Acid production is a normal consequence of the metabolism of living cells, and in healthy individuals the body usually gets rid of excess acid. If the body can’t eliminate it efficiently enough however, it accumulates, resulting in acidosis (acid build up in the blood and tissues). This can result from kidney or lung disease, or can be due to a poor blood supply caused by inflammation or ageing. Acidosis increases the activity of the bone-destroying osteoclasts and this causes bone erosion.

Professor Arnett has also shown that low oxygen levels increase osteoclast activity. He explains: “In conditions of inflammation and swelling, the blood supply is restricted and tissue can be starved of oxygen. It starts to metabolise anaerobically, that is, without using oxygen – just like the muscles of endurance athletes do. This type of metabolism increases acid production and accelerates bone destruction.”
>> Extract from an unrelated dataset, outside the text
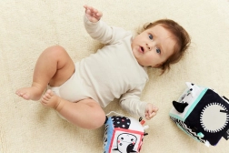 Augsts melnbalto motīvu kontrasts ar krāsainām detaļām stimulē redzi un notur mazuļa uzmanību rotaļu laikā.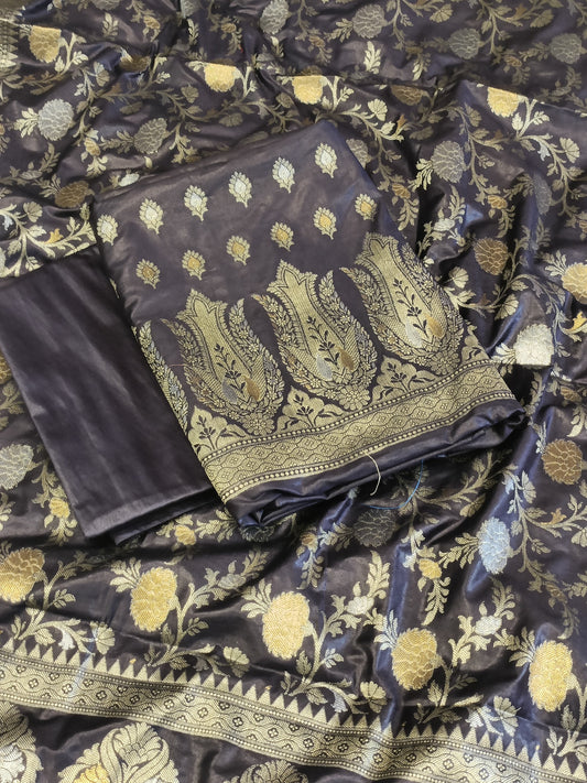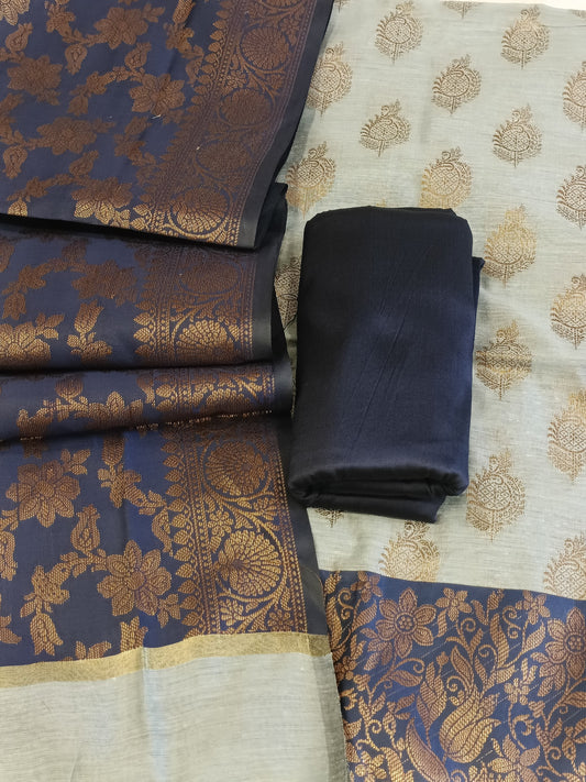 Navy Blue Cotton Dyable Alfi Zari Booti Banarasi Suit with Floral Zari Jaal Banarasi Suit 13SHL_DAS5

Acid sensors control bone erosion

How acid conditions influence osteoclast activity is the goal of Professor Arnett’s current research. He has discovered that these cells are extremely sensitive to even very tiny changes in acidity; how do they sense these changes?

“We’re looking at special receptors on the osteoclast cell surface that respond to changes in acidity,” says Professor Arnett, “to see how they regulate cell function. We will also study mice that have been specially bred to lack these receptors and examine their bone formation using a new state of the art micro-scanner.”

Professor Arnett thinks that the acid-sensitive receptors can be blocked by drugs to prevent their activation. In the longer term, this approach offers potential for the development of new drug therapies that may prevent or slow down bone destruction in bone erosion conditions such as rheumatoid arthritis.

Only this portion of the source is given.